Wiping his tears Ralph took a step forward, closer to the officer.

“I am,” Ralph said through a hoarse voice that sounded like someone had cried for hours. 

“We saw your smoke. What are your names?”

“I’m Ralph. That’s Sam and those three are–are,” they had never asked what the littluns are called, only ever referring to them as littluns. 

“You don’t know their names?” he asked, staring at Ralph as he shook his head. “I should have thought. I should have thought that a group of British boys–you’re British, aren’t you?--would have been able to put up a better show than that–I mean”

“It was like that at first,” Ralph interrupted. “before things–”

He stopped.

“We were together then–”

The officer nodded as a silent way to encourage him to continue.

“I know. Jolly good show. Like the Coral Island.”

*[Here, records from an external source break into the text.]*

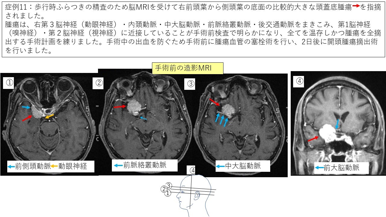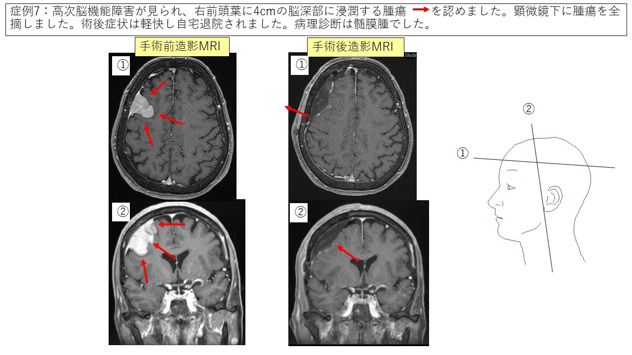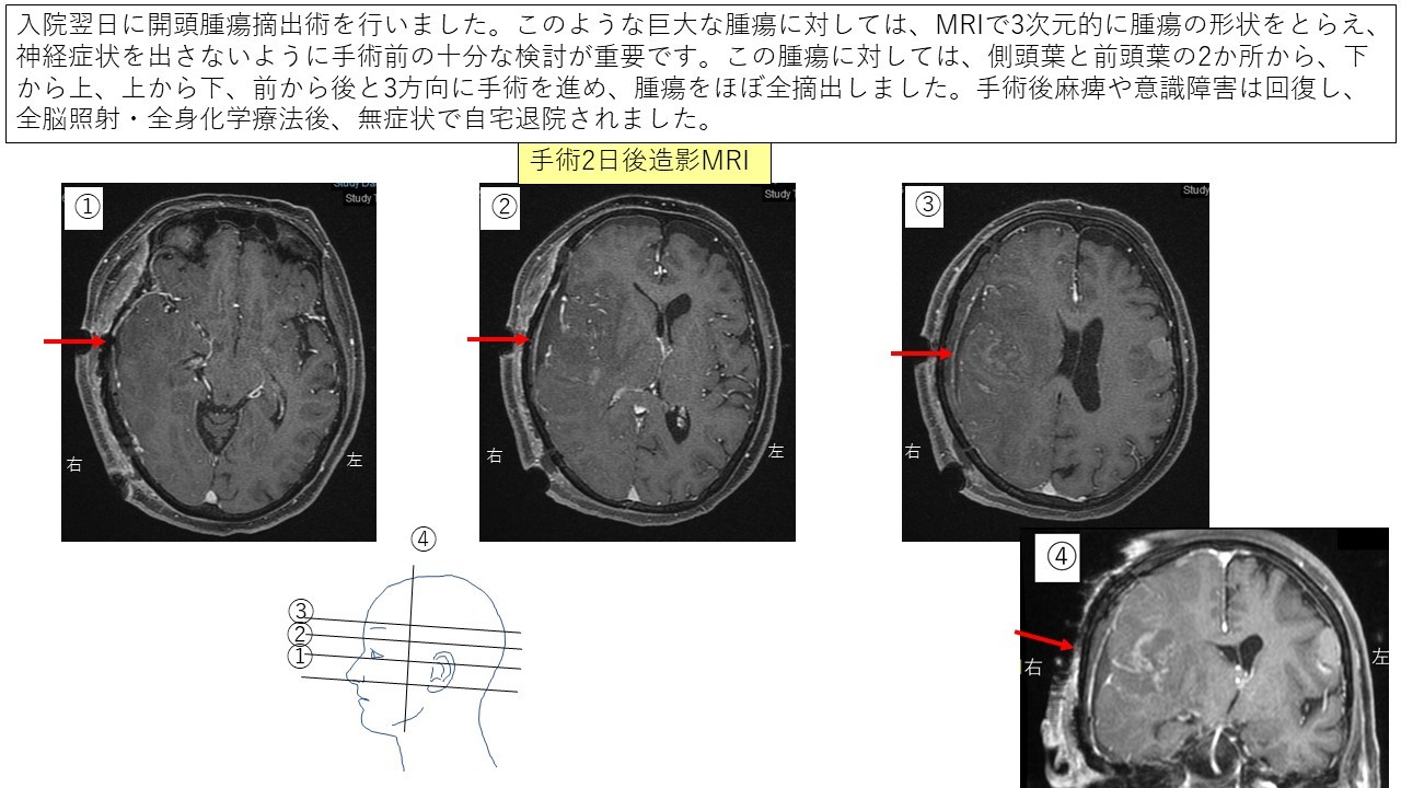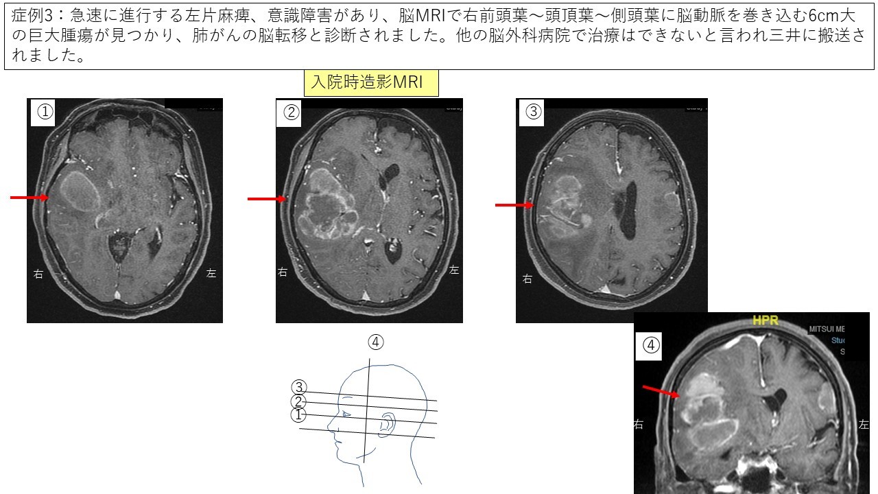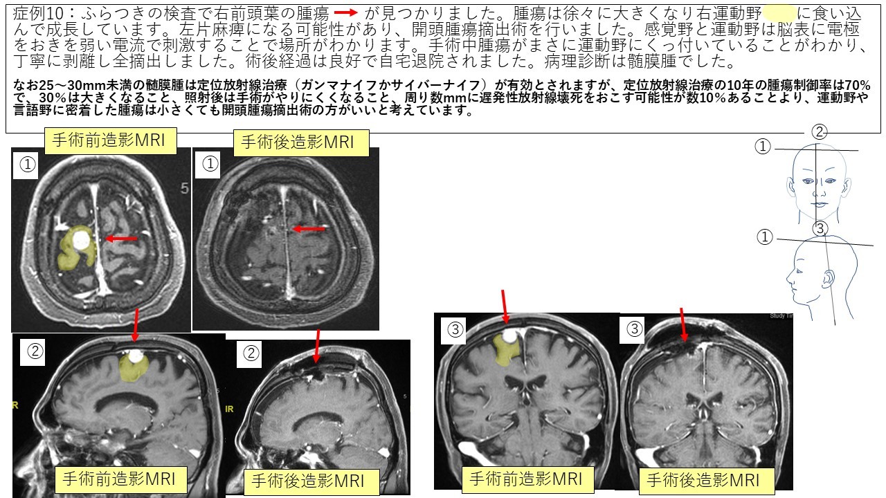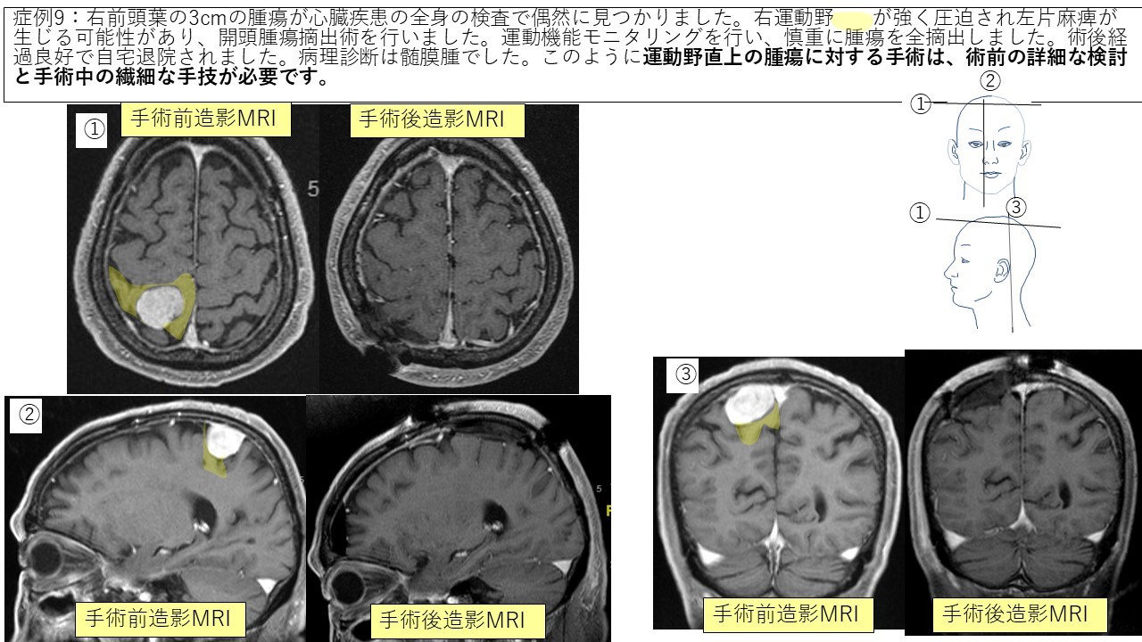 実際に最近三井記念病院で手術を受けられた脳腫瘍の患者さんの経過をお示しします(術者は全て中口です)。
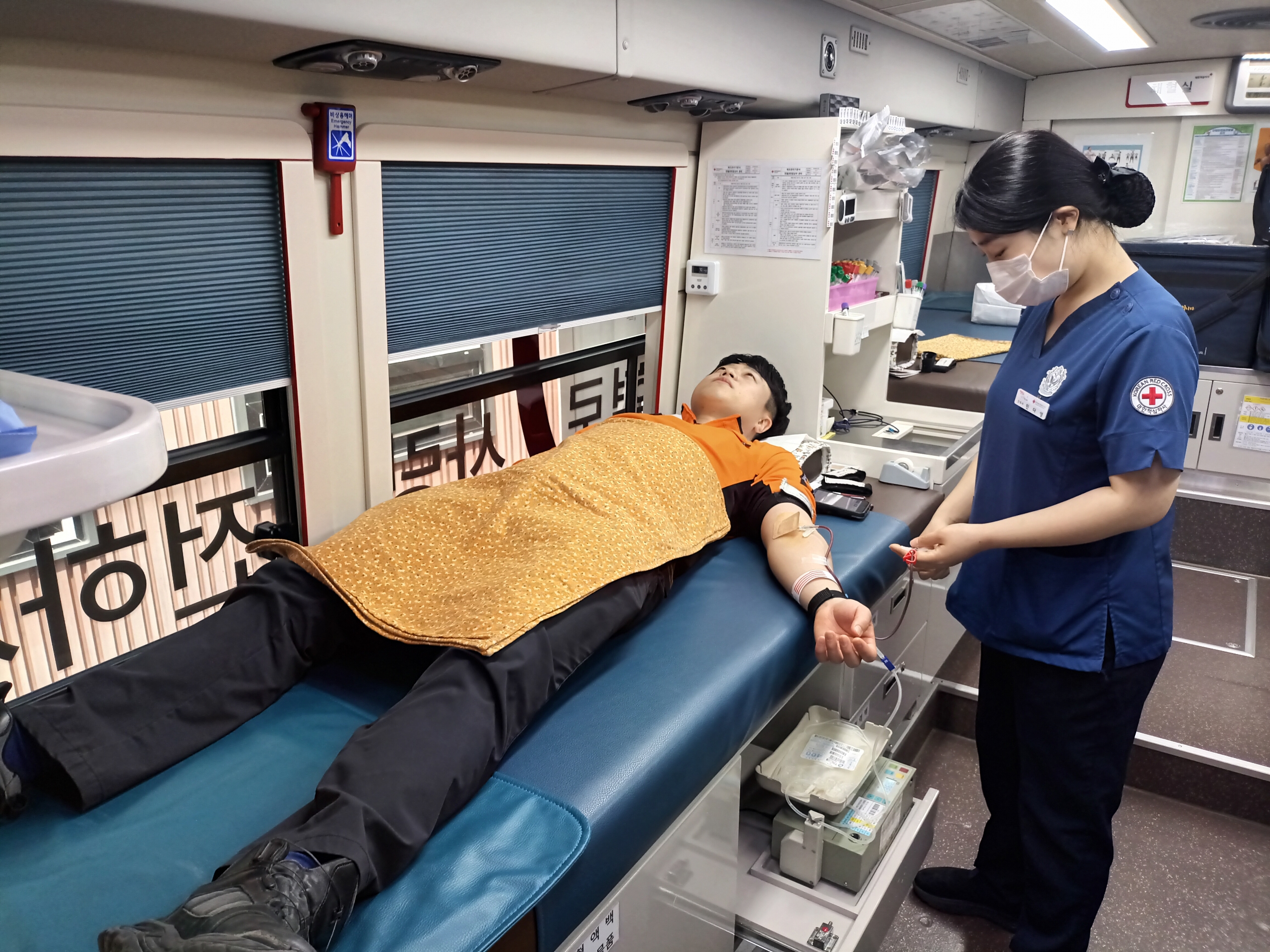 저출산·고령화로 인해 국내 혈액수급이 어려움을 해소하기 위해 강원혈액원에서 실시하는「생명나눔-사랑의 단체 헌혈캠페인」에 직원뿐만 아니라 의용소방대원들까지 적극 참여하였으며, 이번 캠페인은 헌혈버스가 직접 방문해 홍천소방서에서 진행되었습니다.
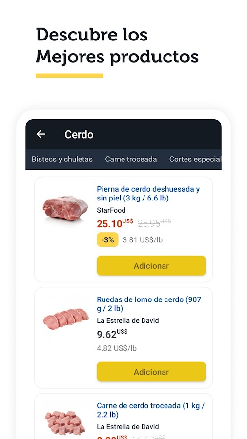 Через наше приложение вы можете заказать еду всех видов, мясо, рыбу, колбасные изделия, средства личной гигиены, косметику, бытовую технику и многие другие товары.
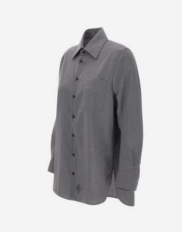 Seafarer "Tara" women's shirt gray pure wool canvas, with a relaxed fit. It features long sleeves, a classic collar, logo button closure, buttoned cuffs, and a patch chest pocket. Finished with a contrasting logo embroidery at the bottom and an asymmetrical hem with side slits. Made in Italy
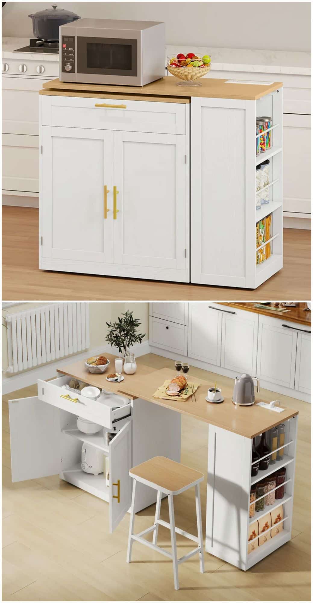 This rolling island transforms into a dining table, has a built-in charging dock, and even comes with two stools. Small space, meet big functionality.
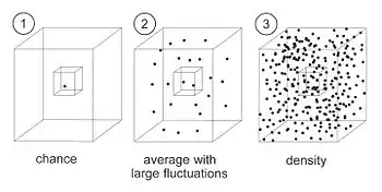2. Si el número de partículas es algo mayor es que hay algunas partículas dentro de la caja. Se define pues una media, pero el número real de partículas tiene relativamente grandes fluctuaciones alrededor de esta media.
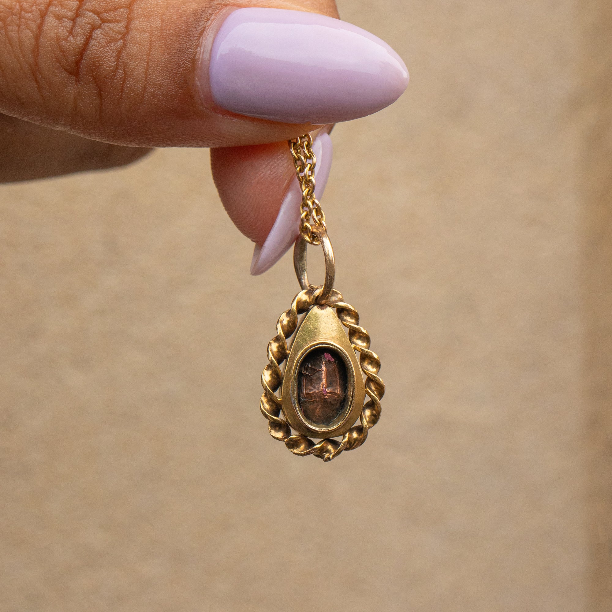 The warm tones of the 18ct Gold provide the perfect backdrop for the vibrant Granet, finished with a detailed rope border for a regal touch. Whether worn as a standalone piece or paired with other treasures from your collection, this Georgian pendant will command attention wherever you go!
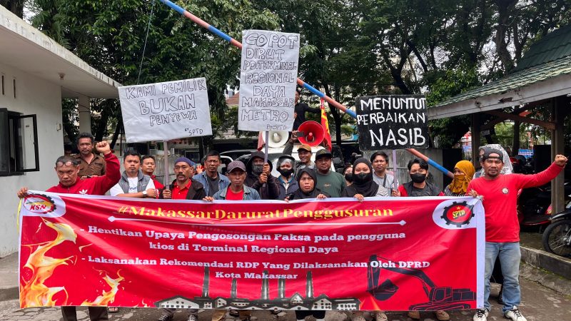 Dalam aksi itu, massa membawa spanduk dan poster bertuliskan “Makassar Darurat Penggusuran”. Para pedagang menyuarakan tuntutan agar Pemerintah Kota Makassar dan DPRD menghentikan kebijakan penertiban yang dianggap tidak berpihak kepada pedagang rakyat. Mereka menilai penggusuran kerap dilakukan tanpa dialog yang adil dan tanpa solusi relokasi yang layak.
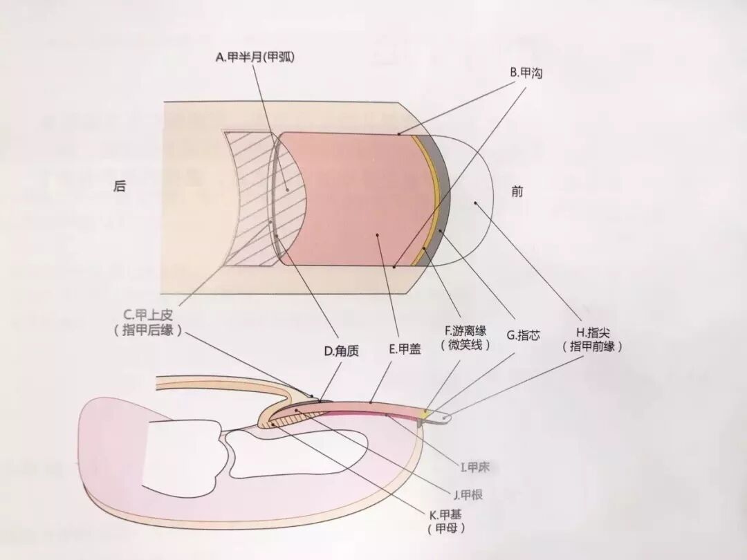 这是一个指甲的结构图,F游离线以内就是I甲床的区域。不涂甲油的时候正面看指甲,游离线如果低于指腹,那么这段空间就是日后可以育成甲床的地方。
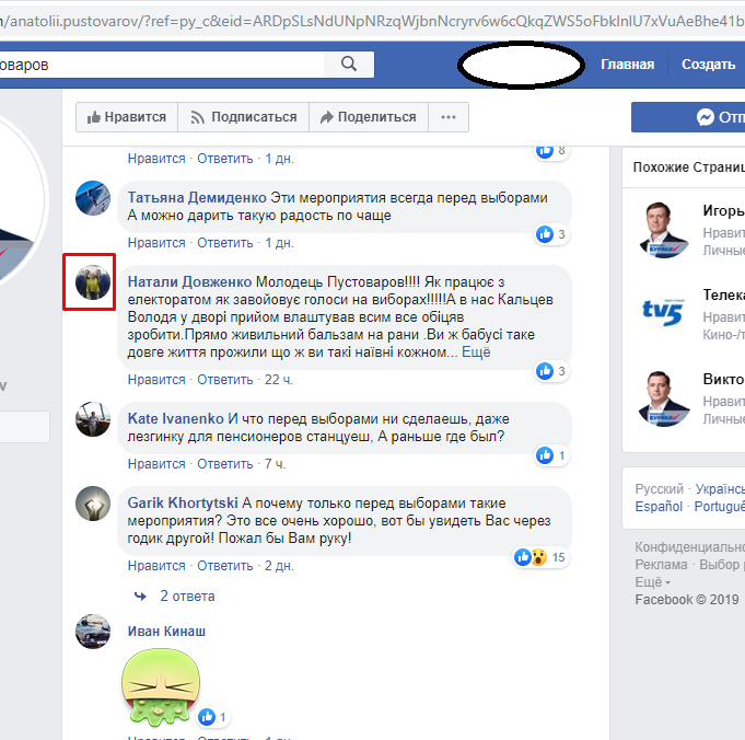 Так, мы взяли для анализа несколько постов кандидатов в нардепы Анатолия Пустоварова (баллотируется по 76-му округу) и Игоря Чумаченко (баллотируется по 74-му округу), которые входят в команду Владимира Буряка. Оказалось, что положительно их комментируют в первую очередь пользователи, профили которых имеют много общего между собой, и почти все они, с большой вероятностью, являются ботами.

Behind his eyes Ralph saw the flashing images of the island when they had first arrived before Jack had–but looking back at the island again it was scorched. Pictures of Simon before he had–. Ralph once again cried. This time letting his body wrack with sorrow. His voice is dry and full of emotion. Around him the other boys begin to cry with him. Looking each boy over Ralph spots a familiar shape attached to one of the littluns waistbands. As the sobs consume his body it clicks, he knows what that is. It’s Piggy’s specs. The last surviving piece of his best friend on this wasteland island. He reaches out to grab them from the boy and holds them tight to his chest. ‘I did it Piggy, I’m going home.’